Telling the story today, Rogers barely takes a breath.

“We basically called our partners at Fish and Wildlife and said, ‘Sorry, we can’t do this.’”

The project was already fully funded, the complex negotiations complete, but the Oregon team called the whole thing off and started over, this time raising the money to return the land to the Nez Perce Tribe.

After 100 years in exile, nearly 300 members of the tribe returned to their native land, Appaloosa ponies and all. Their ceremonies and rituals have returned, and the profound spiritual relationship between people and place has been restored.

Sometimes Doing Nothing Is the Most Disruptive Thing We Can Do 

Fifty years ago, we began this work as people who wanted to safeguard the land. Today, we have a growing appreciation for land’s power to safeguard us—if only we’d let it.

Nature teaches us that winter is always followed by spring, so we know not to despair in cold and dark because light and color will return again.

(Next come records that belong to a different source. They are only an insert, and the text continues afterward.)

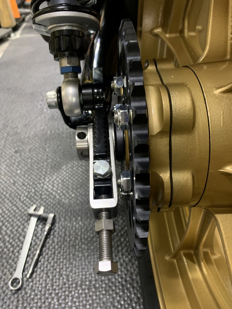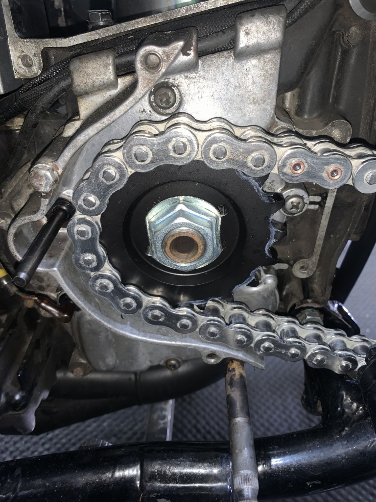 スプロケボルトとチェーン引きが干渉するので対策します。
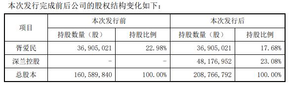 本次发行后,公司控股股东、实际控制人将发生变更。按照本次发行数量上限测算,本次发行完成后,深兰控股持股公司48,176,952股,占上市公司总股本的23.08%,深兰控股成为公司控股股东,陈海波成为公司的实际控制人。
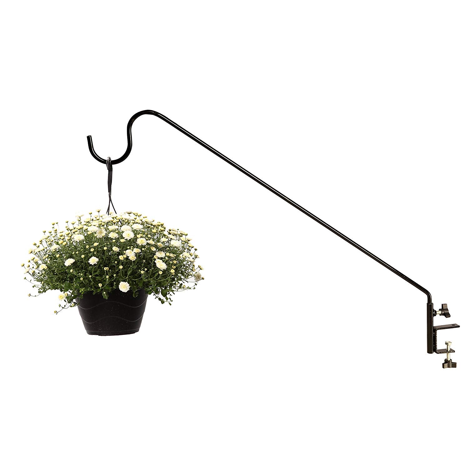 Allows you to easily hang feeders, plants, lanterns, and other accessories from your deck rail The carefully - designed arm arches forward positioning the feeder out and over the side of your deck Premium quality steel that is rust-resistant and durable provides for a long-lasting product Seeds and bird droppings fall away from the deck preventing you from having to constantly clean up messes. No tools are required for installation, simply tighten the hand knob.
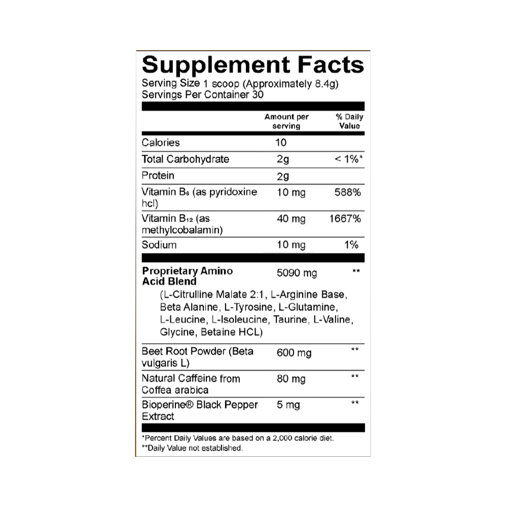 How to Use: Mix 1 scoop with 8-16 oz of water. Drink prior to or during your workout. |
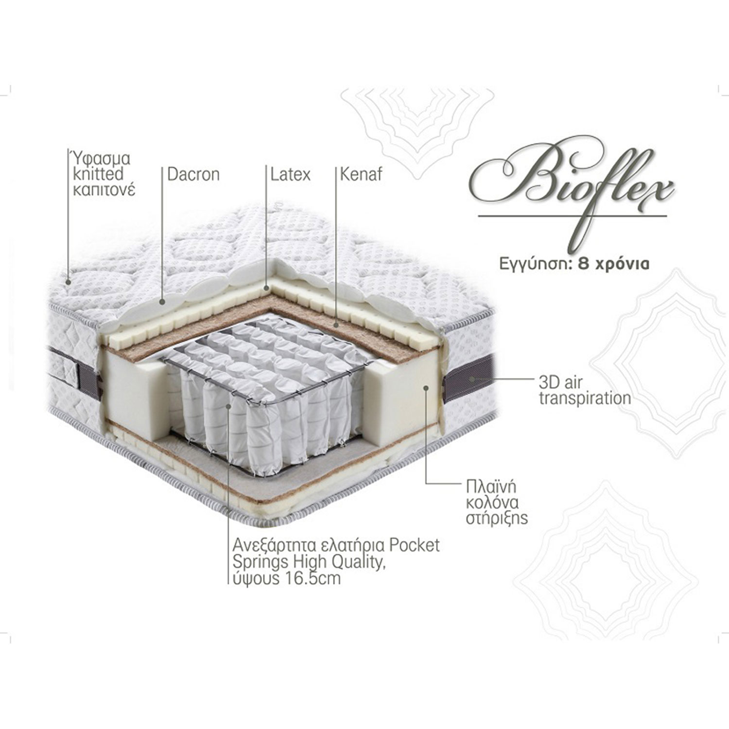 Με τις ξεχωριστές ιδιότητες του φυσικού υλικού Latex και του οικολογικού υλικού Kenaf, σε συνδυασμό με τα ανεξάρτητα ελατήρια Pocket Springs High Quality και το σύστημα αναπνοής στρώματος 3D Air Transpiration, απολαύστε ένα υπέροχο στρώμα που σας προσφέρει ποιοτικό και υγιεινό ύπνο. Η επιλογή είναι δική σας.
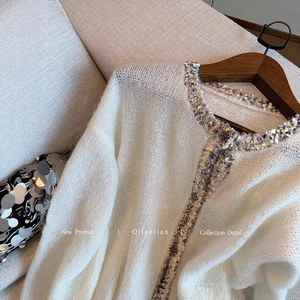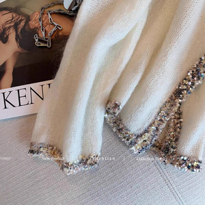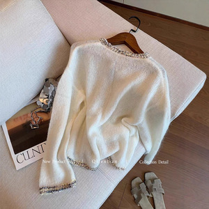 小香风拼接撞色马海毛针织开衫女秋冬新款气质慵懒风软糯毛衣外套

When a tree falls, it feeds the forest beneath it for generations and reminds us that the end of one thing is always the beginning of something else. The eternal cycle of the tides and the fractals of the natural world remind us that all that occurs is part of something larger, part of a pattern that perhaps, as humans, we can barely understand.

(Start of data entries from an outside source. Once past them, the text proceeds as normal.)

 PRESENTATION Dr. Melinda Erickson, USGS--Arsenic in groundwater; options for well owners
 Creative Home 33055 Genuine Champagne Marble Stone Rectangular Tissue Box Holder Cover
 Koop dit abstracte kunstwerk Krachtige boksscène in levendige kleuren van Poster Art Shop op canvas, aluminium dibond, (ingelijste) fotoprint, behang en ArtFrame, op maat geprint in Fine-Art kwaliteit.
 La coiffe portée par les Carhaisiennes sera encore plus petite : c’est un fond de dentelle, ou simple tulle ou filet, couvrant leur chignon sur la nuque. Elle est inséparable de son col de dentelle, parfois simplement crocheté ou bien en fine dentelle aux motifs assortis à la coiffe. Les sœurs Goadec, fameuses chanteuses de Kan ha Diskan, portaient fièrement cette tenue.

“We have access to solutions today, and those solutions involve listening to communities and nature,” says Dana Bourland, an environmental grant-maker and social justice champion who hears the same siren call of distress we all do.

“The more natural spaces, green spaces, park spaces…the better our human well-being and the better the planet will be in terms of taking action against climate [change]. We as humans created the problem, and we need to stop so that nature can return to what it does best, capturing carbon, reducing heat island effects, absorbing water, replenishing the aquifer—the natural cycle of the planet.”

Nature has always taught us what we need to know to survive. And in a culture where we think the answer to everything is take control, take action, push ahead, perhaps the most disruptive thing we can do: let nature take the lead.